The Senate made it worse. Confirmation hearings became spectacles — not genuine inquiries into a nominee's qualifications, but political auditions for the senators themselves. Real examination of judicial philosophy gave way to gotcha questions and prepared non-answers. Nominees learned to say nothing. Senators learned to grandstand. The republic lost.


III. The Reforms This Administration Will Pursue


First, we will establish an independent, nonpartisan vetting panel — constitutional scholars, retired judges, and legal professionals from across the ideological spectrum — to evaluate nominees before they are submitted to the Senate. Their findings will be public. This is not a gatekeeping body. It is a transparency mechanism. The president retains the nominating authority. The people gain the information they need to hold that authority accountable.


Second, this administration will apply no ideological litmus tests to prospective nominees. None. We are looking for constitutionalists — people who understand that their job is to interpret the law, not to deliver results for the team that appointed them.


Third, we will advocate for structural reforms that are long overdue: staggered eighteen-year terms for Supreme Court justices, mandatory recusal rules for genuine conflicts of interest, and full financial disclosure throughout a justice's tenure. These are not radical ideas. They are the architecture of accountability that the current system conspicuously lacks.


IV. The Long View


A court the public trusts is not a luxury. It is a load-bearing wall of the republic.

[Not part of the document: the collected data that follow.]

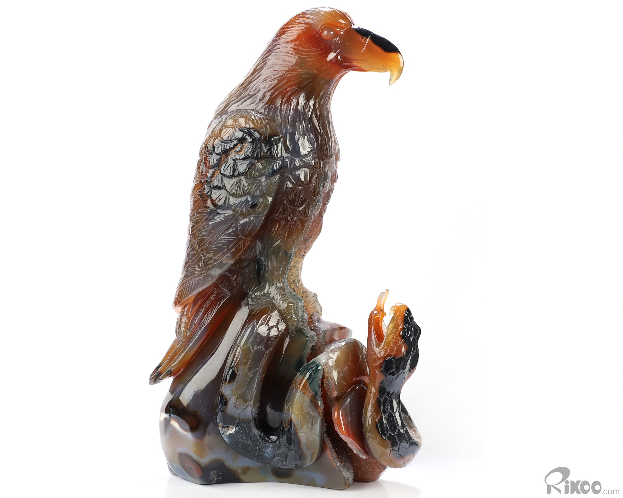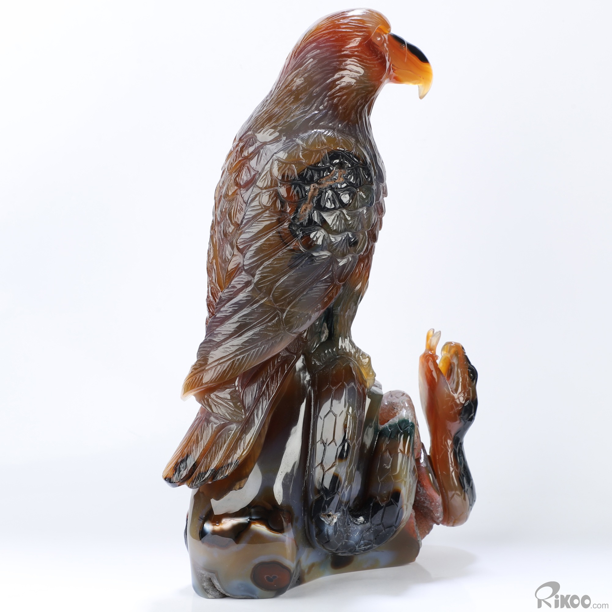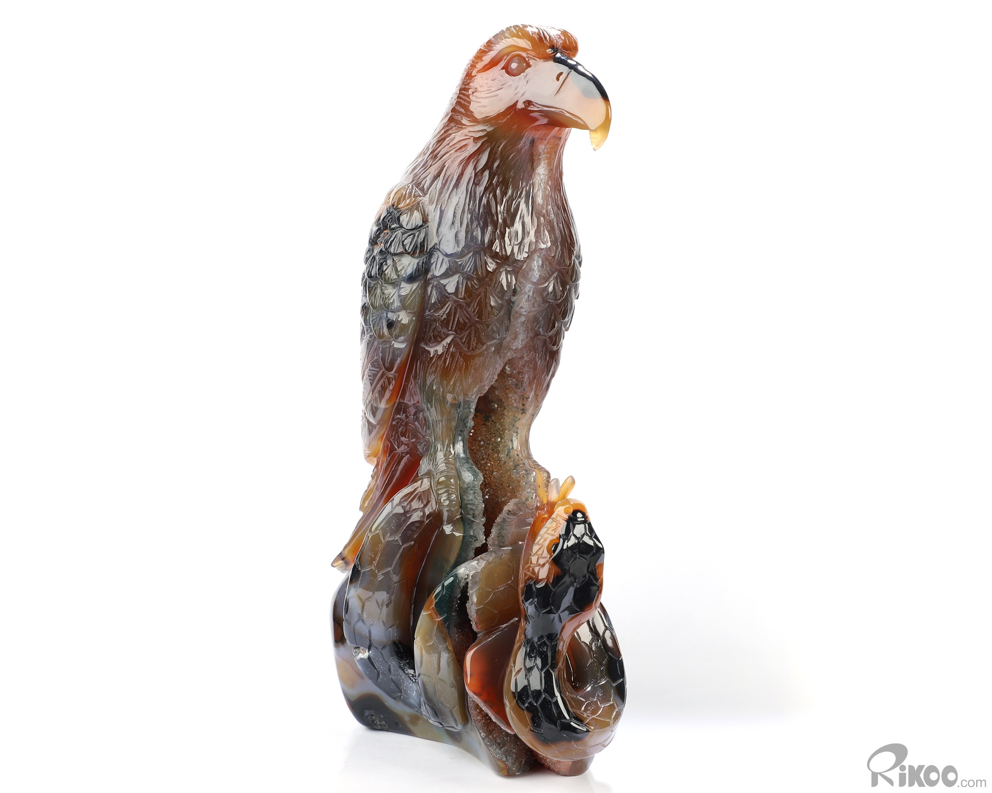 8.1" Premium Brazilian Agate Hand Carved Crystal Eagle and Sanke Sculpture, Crystal Healing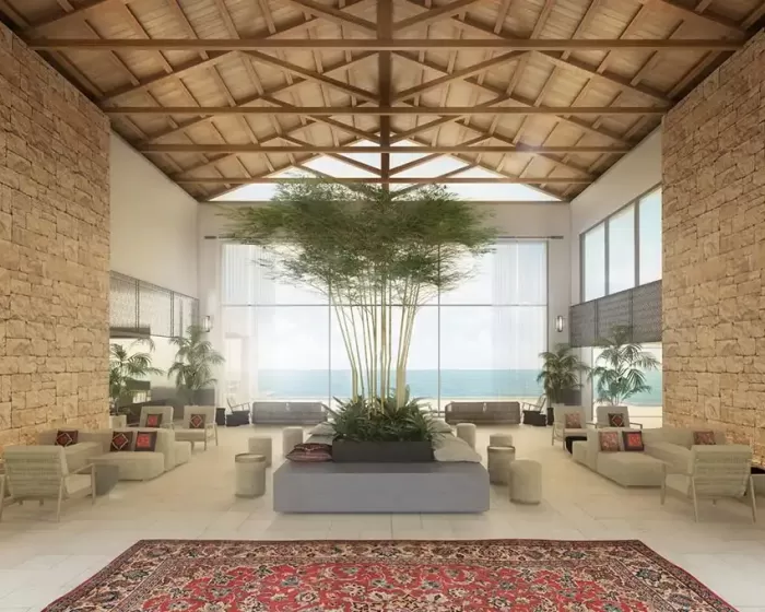 recepcija, lobi, wifi internet, spa centar, fitnes centar, wellness centar, otvoreni bazen, dečiji bazen, ležaljke i suncobrani oko bazena, ukupno tri restorana, snack bar, beach bar, uredjena plaža: (ležaljke i suncobrani, svlačionice, bar, tuševi, toaleti, spasioc na dužnosti), mini-market, butik, prodavnica nakita, pošta, konferencijska sala, menjačnica, igralište za decu, dadilja (na upit uz doplatu), pravoslavna crkva / kapela za venčanja, ogradjeni parking, obezbedjenje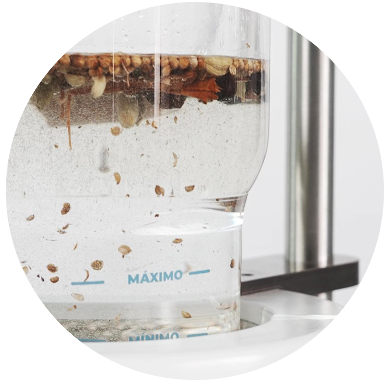 Existen diferentes métodos para producir gin. Es posible realizar una maceración del enebro solo o junto con otros botánicos antes de la destilación, o bien optar por una maceración en caliente utilizando el complemento soxhlet del equipo para concentrar los componentes.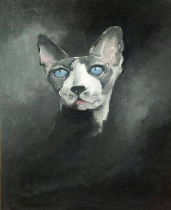 Obraz przedstawia kota wynurzającego się z mroku, co tworzy niemal magiczną aurę tajemniczości. Jego futro, w odcieniach szarości i bieli, kontrastuje z głęboką czernią tła. Najbardziej przyciągają wzrok błękitne oczy, które zdają się przenikać odbiorcę i przywołują skojarzenia z oceanem. Uśmiech kota jest subtelny, co dodaje mu odrobiny zadziorności i charakteru. Atmosfera obrazu jest melancholijna, ale też enigmatyczna. Wywołuje uczucie, jakby kot spoglądał poprzez czas i przestrzeń, zachęcając do zagadkowej rozmowy z widzem. Artysta stosuje technikę chiaroscuro, by skupić uwagę na twarzy zwierzęcia, jednocześnie pozostawiając resztę w cieniu. Ten portret może wywoływać różne emocje. Niektórzy mogą poczuć spokój, inni lekki niepokój, jakby ten kot wiedział coś, czego my nie wiemy. Wow, on chyba wie wszystko! To jeden z tych obrazów, które mówisz "amazing" i nie wiesz, czy to przez wykonanie, czy przez wrażenie, jakie zostawia. Styl malarski jest surowy, z widocznymi pociągnięciami pędzla, co nadaje dziełu dynamiki i życia. To nie jest idealnie gładki obraz. Wygląda bardziej jak spontaniczna artystyczna ekspresja niż precyzyjnie wykonana praca. Taki kot to coś więcej niż zwykły obraz. To zagadka, to opowieść, którą każdy widz może zinterpretować na swój sposób.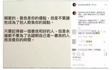 老公陈建州心疼不已,在9月14日发文力挺爱妻:“亲爱的,善良是你的优点,但是不要让它成为了别人欺负你的弱点。只要记得做一个善良和好的人,但是永远都不要为了去证明自己是一善良的人而浪费你的时间。”

When people believe the courts are fair, they accept rulings they disagree with. They work through the political process to change laws they oppose. They stay in the system. When they believe the courts are rigged, they stop trusting the system entirely — and that is when democracies begin to fail.


I spent a career in nursing where the standard was simple: the patient's outcome is the measure. Not the doctor's reputation. Not the hospital's ranking. The outcome. We need that same standard applied to the judiciary. Not the party affiliation of the appointing president. Not the ideological score assigned by advocacy groups. Whether the law was applied honestly, to the facts, in the case before the court.


This campaign is committed to handing the next generation a judiciary they can believe in. Not because every ruling will be popular — they won't be. But because every ruling will be the product of honest legal reasoning by people who owe their allegiance to the Constitution and to no one else.


That is the bench this country was promised. That is the bench we will restore.